DATA FOR REVIEW
━━━━
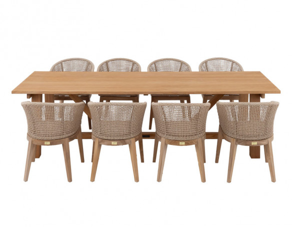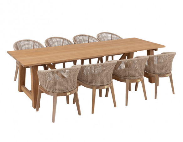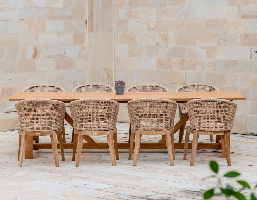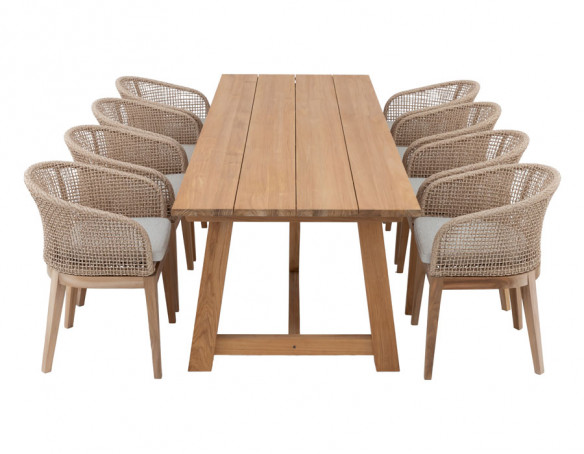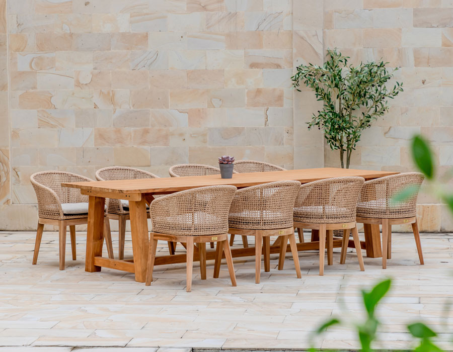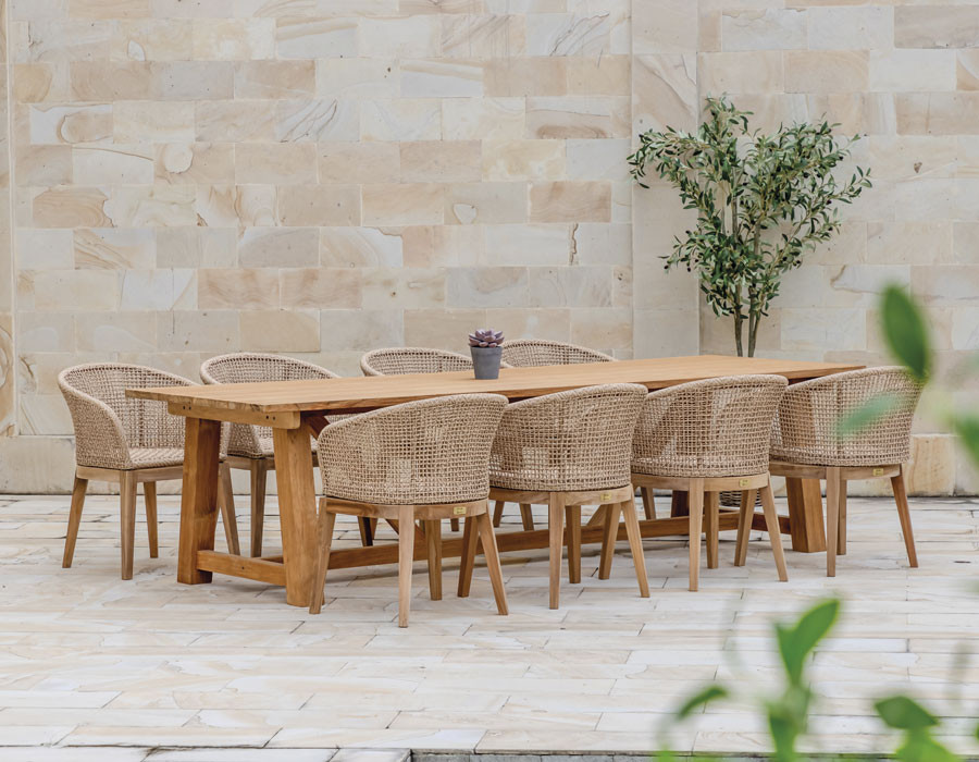 Skab en indbydende spiseplads i uderummet med dette sæt, hvor et karakterfuldt teakbord matches med 6 Lago havestole. Bordet er fremstillet i kerneteak fra plantage i Indonesien og står på et konisk lamelunderstel, som giver et let og elegant udtryk, samtidig med at bordet står stabilt. Den centrale base giver god benplads hele vejen rundt.
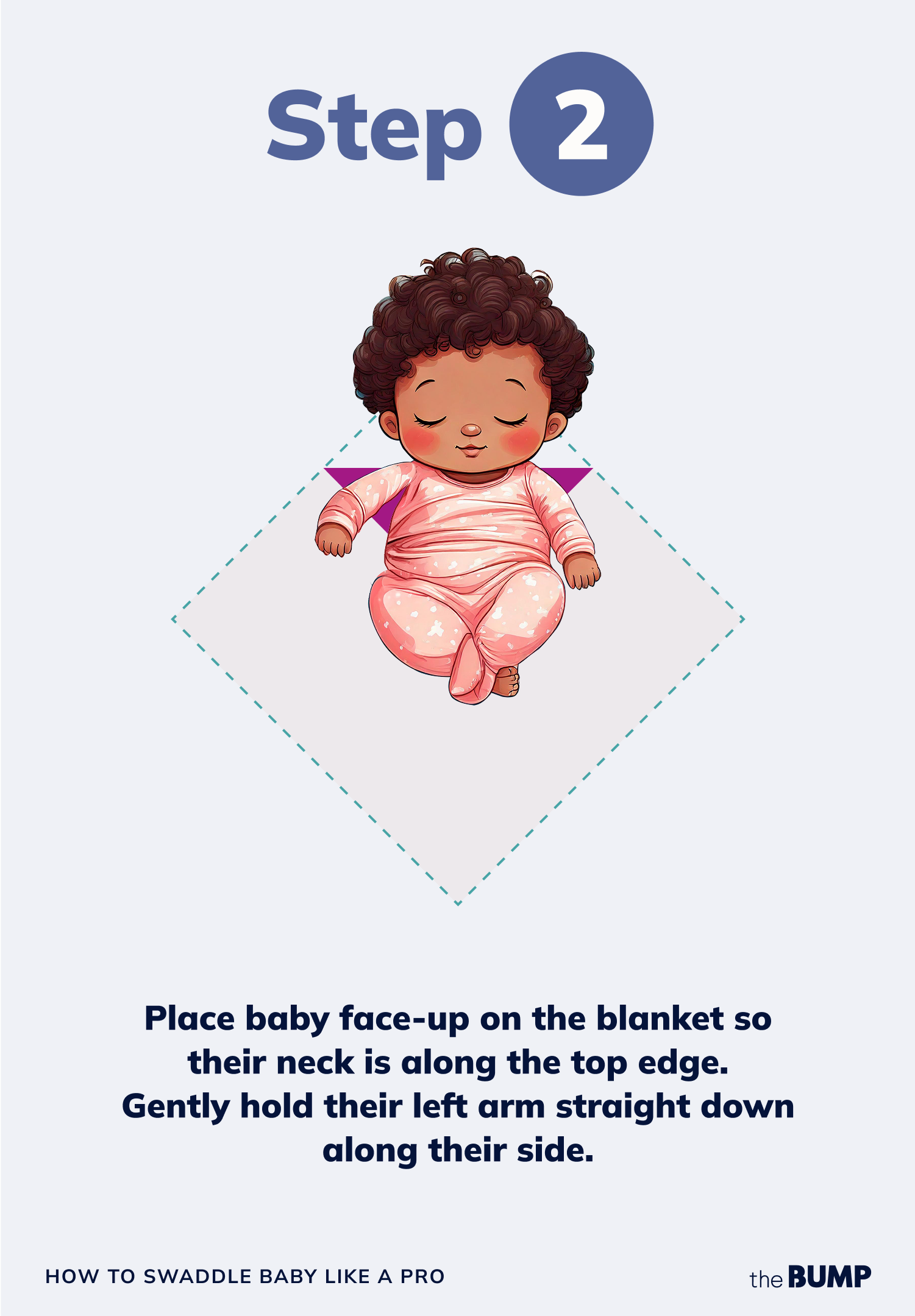 Step 2: Place baby face up on the blanket so that their neck is along the top edge. One tip as you learn how to swaddle a newborn: Don’t let the blanket touch baby’s cheek. They may think it’s a breast—this could set off the rooting reflex and make them cry in confusion at not being fed.
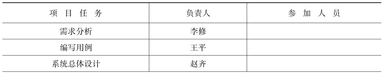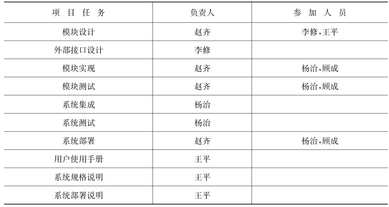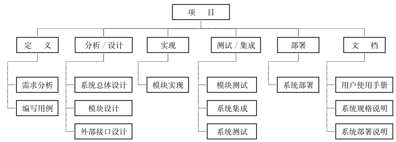 对于项目开发中需要完成的各项工作,从需求分析、设计、实现、测试直到维护,包括文件的编制、审批、打印、分发工作,用户培训工作,软件安装工作等,按层次进行分解,用图示说明工作分解结构,并且用列表的形式列明每项任务的负责人和参加人员。
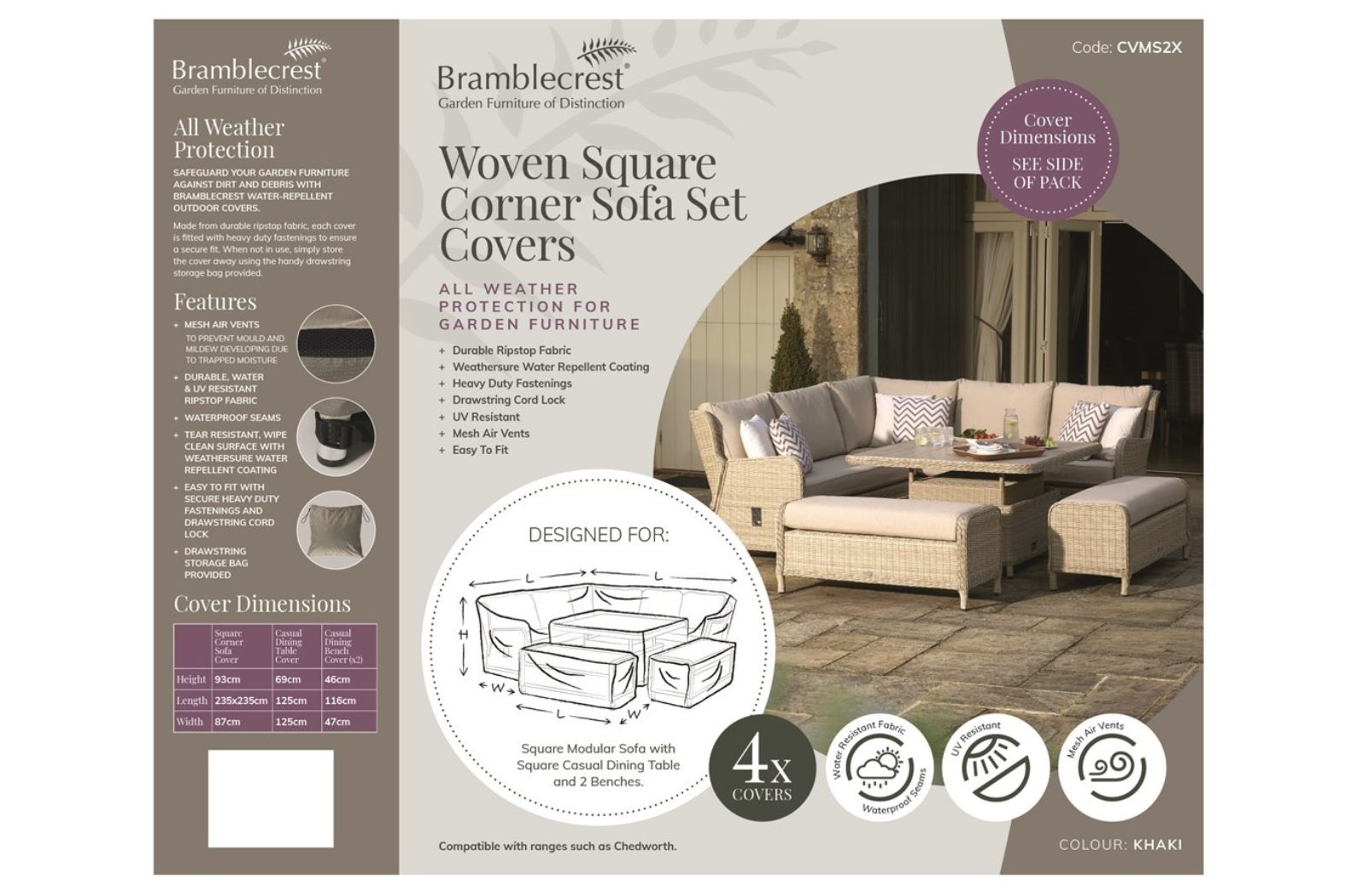 – Includes 1 x Square Sofa Cover, 1 x Casual Dining Table Cover & 2 x Dining Bench Covers
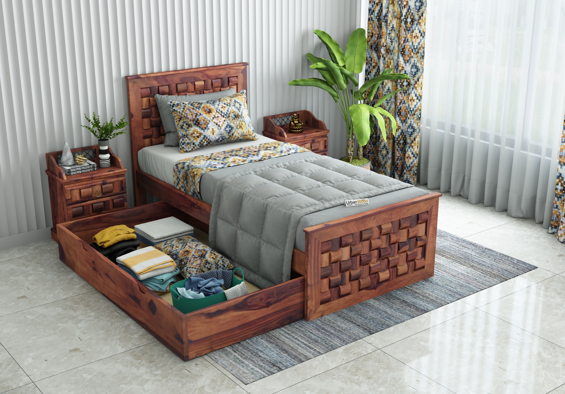 Generic Name -Hover Single Bed with Drawer Storage ( Teak Finish )
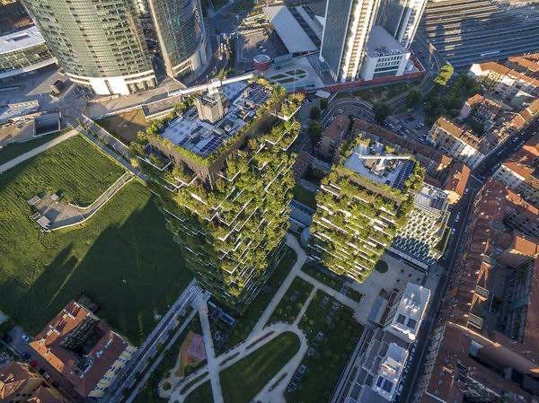 米兰的“垂直森林”是世界上第一个绿色建筑项目。在高达111米和80米的两座楼里,共种植着730棵乔木、5000株灌木和1.1万株草本植物,相当于1.1万平方米的绿色植被。建筑内部设计了一个浇灌系统,使用回收水来维持树木的生长;而且它还能够利用太阳能增加能源的自给。
━━━━
INSTRUCTIONS TO FOLLOW
Extract the lines beginning with the one that contains "对于项目开发中需要完成的各项" and ending with the last line of the listing. Keep them exact and drop the pictures.

WRITTEN SOLUTION
 对于项目开发中需要完成的各项工作,从需求分析、设计、实现、测试直到维护,包括文件的编制、审批、打印、分发工作,用户培训工作,软件安装工作等,按层次进行分解,用图示说明工作分解结构,并且用列表的形式列明每项任务的负责人和参加人员。
 – Includes 1 x Square Sofa Cover, 1 x Casual Dining Table Cover & 2 x Dining Bench Covers
 Generic Name -Hover Single Bed with Drawer Storage ( Teak Finish )
 米兰的“垂直森林”是世界上第一个绿色建筑项目。在高达111米和80米的两座楼里,共种植着730棵乔木、5000株灌木和1.1万株草本植物,相当于1.1万平方米的绿色植被。建筑内部设计了一个浇灌系统,使用回收水来维持树木的生长;而且它还能够利用太阳能增加能源的自给。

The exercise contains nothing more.